Start of Data for this task
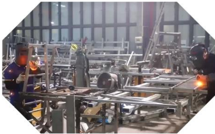
WELDING & POLISHING
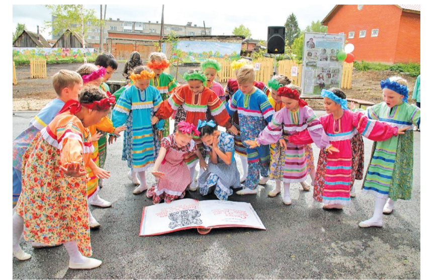
Фестиваль сказок «Ореховая веточка» - визитная карточка п.Октябрьский
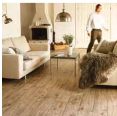
Stofan alltaf jafn heimilislegt
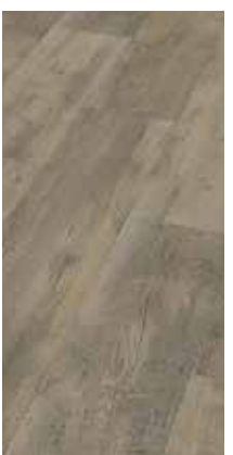
6042 Eiche Hasel grau
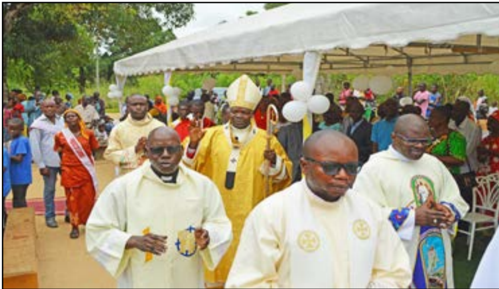
L'archevêque conduisant la procession

l'occasion de cette messe qui a réuni les membres de cette petite, fervente et dynamique communauté paroissiale renforcée à cette occasion par les chrétiens d'autres paroisses de l'archidiocèse dont les originaires du coin vivant à Brazzaville qui ont apporté une contribution remarquable à la fête. L'animation liturgique a été assurée par la schola populaire de la quasi-paroisse à l'honneur et la chorale du coin devenue en cette heureuse et particulière circonstance: «Chorale Saint Gérard». Au début, le curé a prononcé le mot de bienvenue à l'archevêque et à toute la délégation qui l'accompagnait
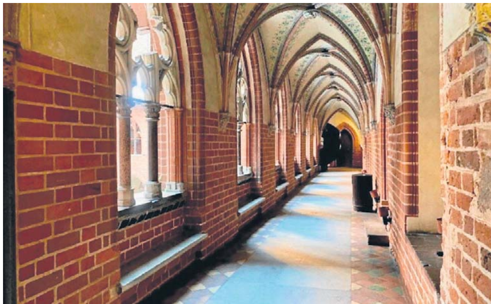
Wykonawca ma pięć miesięcy na odrestaurowanie krużganków południowego (na zdjęciu) i wschodniego. Przed nim m.in. misterna praca przy malowidłach sufitowych

Zamek Wysoki jest w kompleksie dzisiejszego Muzeum Zamkowego w Malborku tą częścią, którą Krzyżacy zaczęli budować najwcześniej, bo w latach 70. XIII wieku jako klasztor. Od tamtego czasu cztery krużganki przechodziły burzliwe koleje losu, tak jak cała warownia. W opracowaniu przygotowanym na potrzeby planowanych prac konserwatorskich Muzeum Zamkowe przypomina, że uszkodzenia spowodowane warunkami atmosferycznymi pojawiały się już w drugiej połowie XV wieku, gdy twierdza należała do Rzeczypospolitej, potem także w okresie „potopu szwedzkiego”. Największa dewastacja nastąpiła po I rozbiórce Polski, gdy decyzją władz pruskich Zamek Wysoki zamieniono w garnizon wojskowy i magazyny. Wówczas okna krużganków zo-
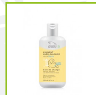
Laboratoire Biarritz (40€/L)
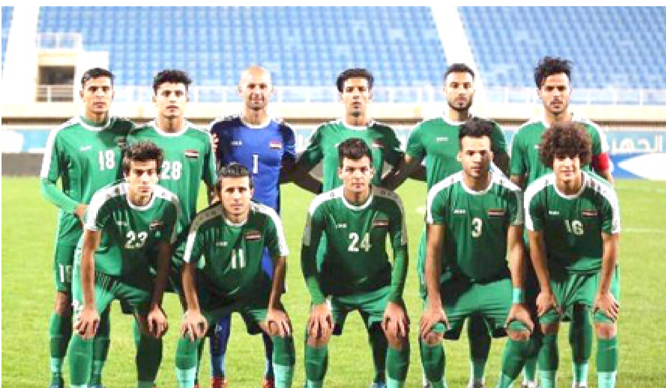
إطلاق: يسعى المنتخب الأولمبي إلى إنطلاقة قوية في مشوار نهائيات آسيا تحت 23 عاماً

اعتقد أن هذه المجموعة قوية وصعبة، لدينا تشكيلة جيدة من اللاعبين ونطمح لتقديم أفضل مستوى ممكن... وتابع، لا يوجد مباريات سهلة في مثل هذه البطولة القارية، ورغم أن معظمهم لاعبين محترفين، نحن ندرك أن المباراة الأولى تعتبر المفتاح لتكون في وضع جيد من أجل المنافسة في البطولة. وكشف، يجب أن نستفيد من المعلومات التي يمتلكها الفريق، لأن لدينا فريق جيد وسهوب، وفي ذات الوقت ندرك قوة المنتخب الأولمبي الذي سنواجهه في المباراة الأولى.
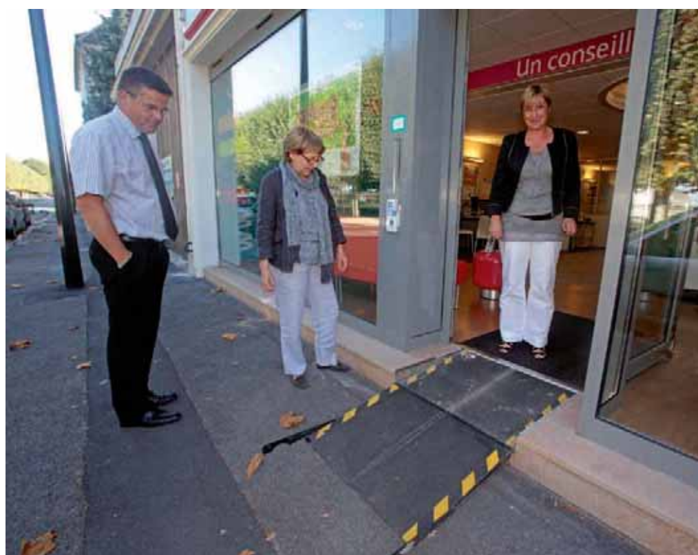
Diverses solutions peuvent être trouvées pour rendre les établissements recevant du public accessibles aux personnes handicapées. Ici, la Maaf, cours Guynemer, a adopté un système de marches rétractables.

Par ailleurs, tous les projets de requalification de voirie font l'objet d'une concertation avec les associations de personnes en situation de handicap et les études préalables prennent en compte de manière systématique la conformité du projet par rapport à la loi sur le handicap".
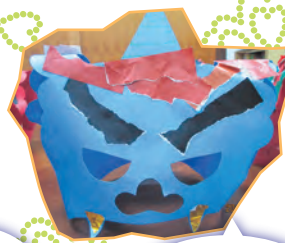
自分の中の鬼退治!!
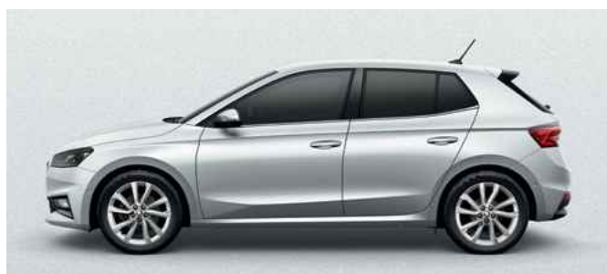
Metāliska krāsa Moon White
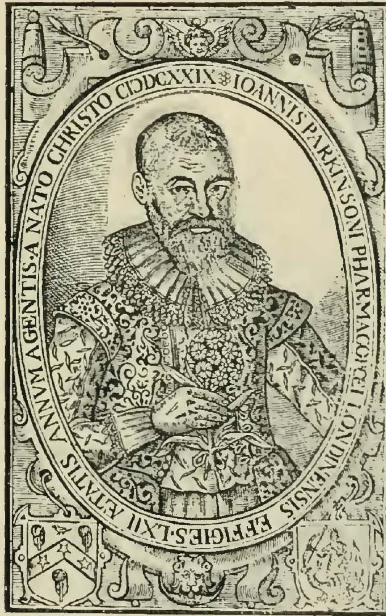
PARKINSON. FROM THE TITLE-PAGE FOR HIS "PARADISUS."
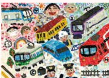
ゆきよし はるたか 雪吉 晴敬 5年・東京都
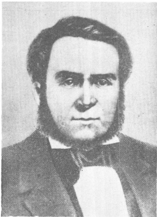
Don Juan Rafael Mora Fernández
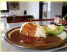
ポテトサラダ付き カレーライス ¥550
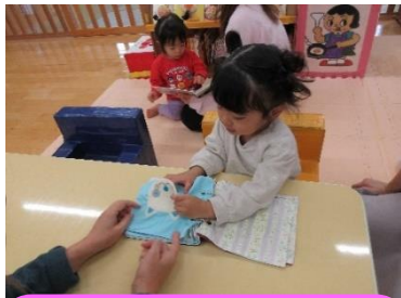
ボタンの布絵本。動物さんの目がボタンになっていて、指先の細かい動きを楽しんでいます。
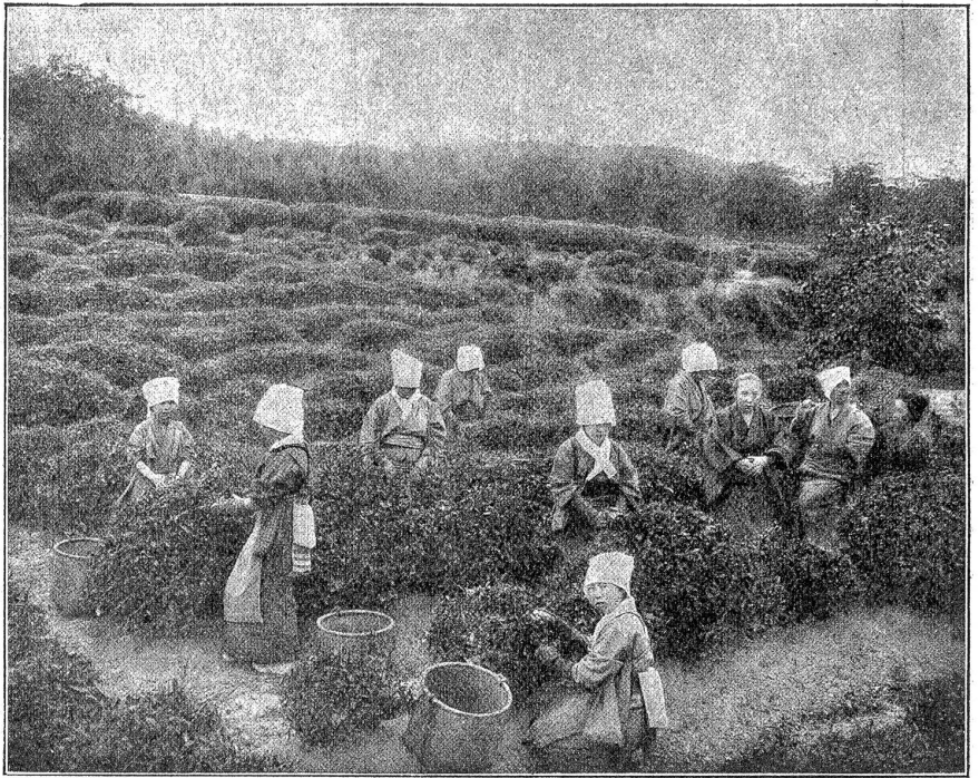
Tee-Ernte auf einer großen Teeplantage in Japan.

Sankau, die am Jangtse gelegene volkreiche Stadt, gilt als Mittelpunkt des chinesischen Teehandels, denn die Mehrzahl der Teeplantagen befindet sich im Gebiet des Riesentromms. Die Herrichtung geschieht auf ähnliche Weise, wie auf Ceylon, nur daß die emsigen Chinesen die Handarbeit, statt jener mit Maschinen, bevorzugen, und daß sie dem Tee, nachdem er getrocknet und sortiert ist, Jasmin-, Rosen-, Gardenien- und ähnliche wohlriechende Blüten, natürlich in vorsichtigem Maße, beimischen, um ihm einen von
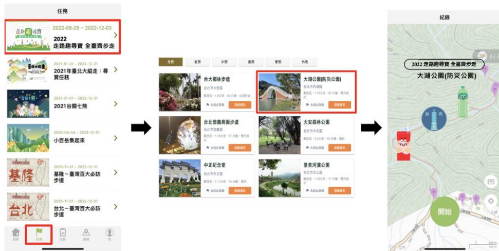
圖 4、全台地區尋寶步道
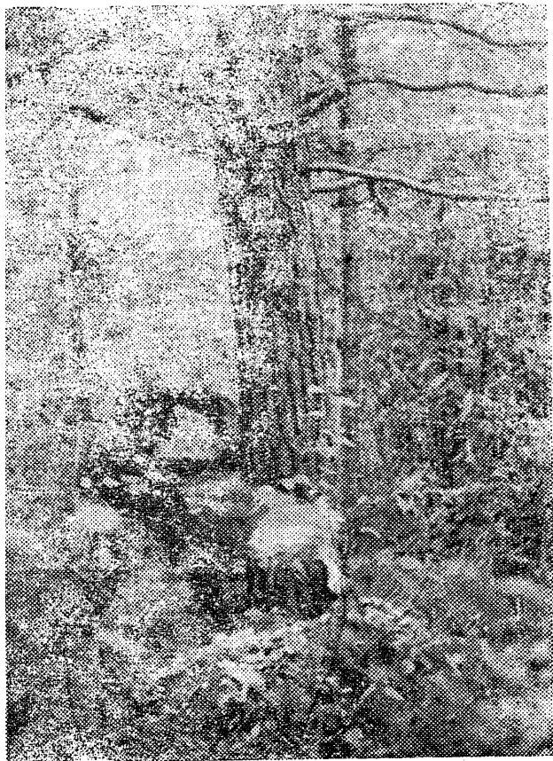
Kas saab puu maha? Aega läks küll oma pool tund, aga kui kange mees asja ette võtab, siis kaua sel puulgi kangust enam on! Foto: Heiki Vaher (LS-51)

Kuigi 1. september on tavalliselt esimeseks koolipäevaks, põlnud ta paljudele meie instituudi tudengitele veel märguandeks õppetöö alguse kohta.
End of Data for this task
▶ **What you need to do**:
Your answer should reproduce each line of the listing that holds the word "archevêque".

▶ **Output of the exercise**:
L'archevêque conduisant la procession
l'occasion de cette messe qui a réuni les membres de cette petite, fervente et dynamique communauté paroissiale renforcée à cette occasion par les chrétiens d'autres paroisses de l'archidiocèse dont les originaires du coin vivant à Brazzaville qui ont apporté une contribution remarquable à la fête. L'animation liturgique a été assurée par la schola populaire de la quasi-paroisse à l'honneur et la chorale du coin devenue en cette heureuse et particulière circonstance: «Chorale Saint Gérard». Au début, le curé a prononcé le mot de bienvenue à l'archevêque et à toute la délégation qui l'accompagnait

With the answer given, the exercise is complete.